Keysplayr has already addressed the fact that this "Is Steam reliable/indicative or not" issue has been beaten to death on a previous thread.

I do not wish to quote anybody who participated in this current thread so that my post here does not come off as a personal attack or as a post that "jumped" on a mistake.

Now that the formalities are over, please understand that Steam's data collection is not indicative of anything because of the methodology. Somebody who may have read a few things about statistics and/or probability, and perhaps thinks of polls and surveys and "random samples" as simpler than they are is prone to assume a few things wrongly and thus conclude that a sample is "random" simply when it isn't.

Let's tackle "random sample". If you understand it merely as a lay person would and think of it as a "sample that is *random*" and think "random" here means anything as long as it was not pre-determined, or as long as it is unpredictable, then you are wrong.

You see, the thing about random sampling and a "random sample" is that the actual sample population involved (I mean the composition of the sample; for example, the thousands of Steam users that did participate) does not determine whether the sample is a random sample or not. Even if you review each element in the sample and think "Yeah, looks varied enough based on [criteria/s]", that won't tell you that the sample is a random sample.

What makes a sample a *random sample* is the __methodology involved in obtaining the sample__. If the methodology involved meets the criterion of randomness, then the sample obtained is a __random sample__ (it helps if you think of it as one word instead of two separate words).

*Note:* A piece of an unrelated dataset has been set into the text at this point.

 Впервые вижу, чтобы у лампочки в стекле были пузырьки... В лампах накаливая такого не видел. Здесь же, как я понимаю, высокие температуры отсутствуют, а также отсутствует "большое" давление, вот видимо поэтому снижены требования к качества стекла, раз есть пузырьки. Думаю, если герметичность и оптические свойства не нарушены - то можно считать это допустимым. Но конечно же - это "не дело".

The criterion of randomness is rather straightforward: each element in the population you are targeting to derive a random sample from must have an equal chance to be picked in the sample.

If a sample is truly a random sample, we can then expect it to reasonably reflect the reality had we asked the entire population instead of just a sample. Of course, this is not magic so there's still a margin of error that the statistician/pollster takes into account, sampling error / margin of sampling error. For lay people, it means "that's what you get for talking to a sample instead of the whole population". (If you have managed to get this far, I hope it is also clear that every time I say "population" here, I do not mean the human or world population)

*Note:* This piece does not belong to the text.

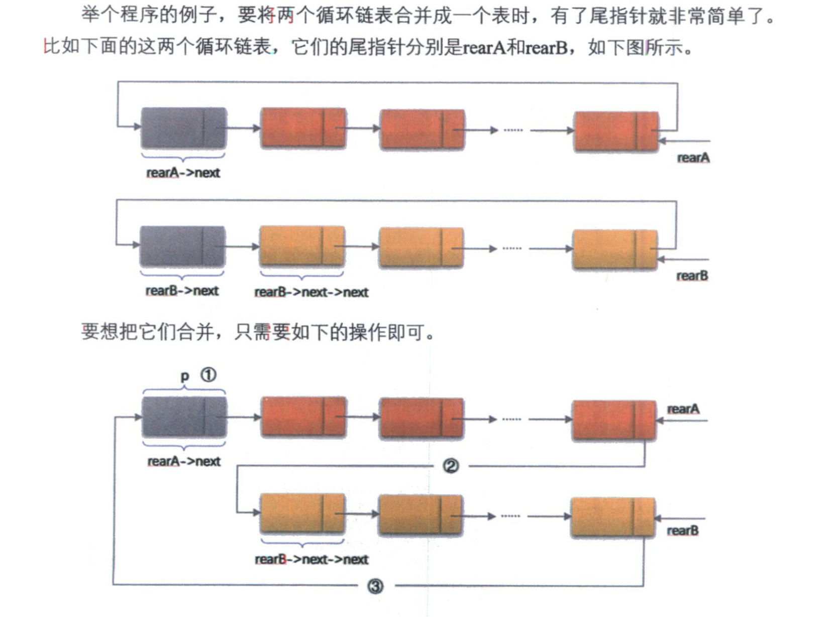 虽然循环链表解决了遍历问题,但在某些操作上仍有不足。例如,要合并两个循环链表,如果只有头指针,我们需要遍历整个链表才能找到各自的尾结点。

Now to the meat. Are every poll valid or invalid? Naturally, saying "all are invalid" is nonsense. But using that to then say "then that means all of them are valid, and so is Steam!" is also a bit off.

It depends on the methodology. If a pollster for an election uses random digit dialling (and only random digit dialling) to obtain a sample, that's not a random sample. That's because each household may have several adults. If you phone a household only once, and you immediately pick as a sample the adult that answered it, then your sample is biased to "phone-answering adults".

"But that's random!" you might say. No, it's not. It's not about whether you can determine it or not. Here, randomness means everybody must have an equal chance to be picked. Those who loathe answering phones and let other members of the household pick it up are immediately disqualified.

So what do good pollsters do? They introduce another element of randomness. When they call up a household for a poll, they may, for example, ask for the adult whose had the most recent birthday, or perhaps the earliest upcoming birthday, or something related to birthdays. Why? Because unlike "phone answerers" versus "phone let-it-ring-until-some-else-picks-it-uppers" , birthdays are actually randomly distributed. It's not perfect, mind you, but far better than the previous case. Also, there's the fact to deal with that households have different numbers of adults, which also skews the probabilty for each element. Instead of using an additional "randomizer" like a randomly-distributed factor such as birthdays, I have heard of some polls before that simply asks a household for all adults to participate, separately, so as to mitigate the difference in probability based on number of adults in a household (which isn't randomly-distributed). Anyway...

So which polls are valid and which are invalid? Check the methodology.

How about Steam?

Doesn't pass the criteria of randomness. Remember, we don't mean "random" here as you may have it in your head such as "unpredictable" or "non-determined". Criteria of randomness means every element in the population (here, the population is gamers, and each element is each one of us) must have an equal chance to be picked.

If you are a gamer and never buy games online? Your chances of being included are now lower than those who do. You don't have internet connection or don't bother with it? You are certainly out. You don't buy stuff online, but have internet connection, but never really play Valve games or any game using the Steam platform? Never really encountered Steam before in your life? Out and out.

Doesn't pass the criteria of randomness. Note that if the population were to be reduced from "gamers" to "Steam gamers", it might pass as a random sample.

Please understand that, despite this, Steam is probably one of the best data available for game devs anyway. Yes, it is not a random sample, and yes, for all we know people who don't buy stuff online and thos who don't have a net connection may comprise a big chunk of the population (gamers) and may have hardware different enough to skew the results very much. But there is currently nothing else out there (to my knowledge) that is Steam-like. Using Steam, as well as sales results for CPUs and GPUs (similarly, these are unreliable just like the Steam survey), it helps game developers get a feel of where things are headed. How right or how accurate is almost impossible to determine without any MOSE, and I doubt there is any MOSE figured in here.

So while it might be the best out there to get a feel of the hardware in the wild, calling it "indicative" or in the same league as valid polls is just not right, especially if you use it as a determinant for a population simply categorized as "gamers" that is too broad and undefined.